Kicking off the "Streets of No Return" series with a screening of Delmer Daves's Dark Passage (1947), PFA curator Steve Seid outlined in his introductory remarks that hopefully—along with the series' objective of spotlighting the work of a lesser-known pulp writer like David Goodis—would be an attempt to gain a sense (over the length of the series) of the concept of filmic adaptation of literary works; to finesse what's left behind when novels are adapted, or what is included to make them screenworthy; and to determine if justice has been done to the writings of David Goodis.
Succinctly profiling that Goodis began writing in the late '30s, with a brief irreconcilable stint in Hollywood in the late '40s, Goodis parted ways with Hollywood to return to "a decrepit life" in his hometown Philadelphia until his death in the '60s. Even while he was alive, however, non-Hollywood film directors began adapting his books and Seid boasted that all but three of those adaptations would be included in the series.
Detailing the "fate" of the omitted three in passing mention, Seid admitted that Rue Barbare (1984)—aka Barbarous Street or Street of the Damned, adapted from the Goodis novel Street of the Lost (1952)—was admittedly not included because Seid didn't particularly like the film and it was too much bother to secure. But he had wanted to get the two other films: Sam Fuller's last project Street of No Return(1989) and Pierre Chenal's Section des disparus (1956).

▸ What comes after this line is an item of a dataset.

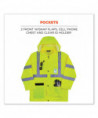 This hi-vis rain jacket is designed with waterproof materials (150D polyester oxford with a polyurethane (PU) coating) and fully taped seams for reliable protection in the face of stormy weather. Compliant to ANSI/ISEA 107, Type R Class 3 with reflective tape for enhanced low-light visibility. This lightweight reflective rain jacket easily fits over workwear without sacrificing mobility. Fully taped seams are bonded to the jacket to keep water from sneaking in, while a vented cape-back allows heat and moisture to escape for added breathability. An attached drawstring hood can be stowed away when not needed. Reflective tape on chest and arms adds visibility at night or in low-light conditions. It's the perfect lightweight waterproof work jacket for those working in road construction, utili
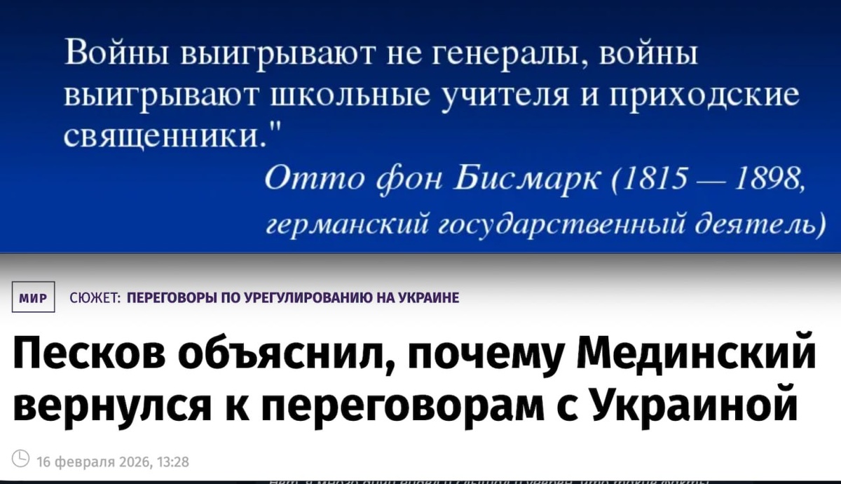 Помощник президента России Владимир Мединский всегда оставался главой российской делегации на переговорах с Украиной, хотя и не участвовал в предыдущих раундах в Абу-Даби. Об этом 16 февраля заявил официальный представитель Кремля Дмитрий Песков. «Главой делегации российских переговорщиков является Мединский. Это заявление [президент России Владимир] Путин делал до первого раунда в Абу-Даби, во время и так далее. Поэтому Мединский оставался главой делегации наших переговорщиков», — сказал он в ходе брифинга

As Seid mentioned earlier in his preview for The Evening Class, Street of No Return was in the hands of some "questionable" people in France and research into the making of that film revealed Fuller's troublesome interaction with the film's "producers/crooks." As for the third film, Section des disparus based on the Goodis novel Of Missing Persons (1950), it's nearly impossible to locate due to its rarity. Filmed in Argentina by Pierre Chenal in 1954-1955, Section des disparus survives possibly only in 16mm prints, none of which Seid was able to track down. He has seen the film and found it to be a "quite nice" economical noir, representing a historical trend in the mid-50s when French filmmakers filmed cheaply in Argentina.
What is included in the series are nine feature films beginning with Dark Passage and continuing through to Moon in the Gutter (1983), which in some ways Seid opined is the "kindest and smarmiest" adaptation of any of the Goodis novels. "But smarmy in just the right way" he qualified, explaining that after a good read of a Goodis novel, "you feel a little dirty." Some of the films—notably Moon in the Gutter—successfully capture that feeling.
At the same time that Goodis's novels were being adapted into film, his short stories were being worked up for television on such programs as Sure As Fate (1950), the Lux Video Theatre (1956), Bourbon Street Beat (1960) and The Alfred Hitchcock Hour (1963). In the 1990s, two cable networks launched mystery series and, coincidentally, adapted the same Goodis short story "The Professional Man", which PFA will screen together with one of the writer-directors, Nicholas Kazan, in person to introduce the pair, affording a glimpse into how Goodis held up on television.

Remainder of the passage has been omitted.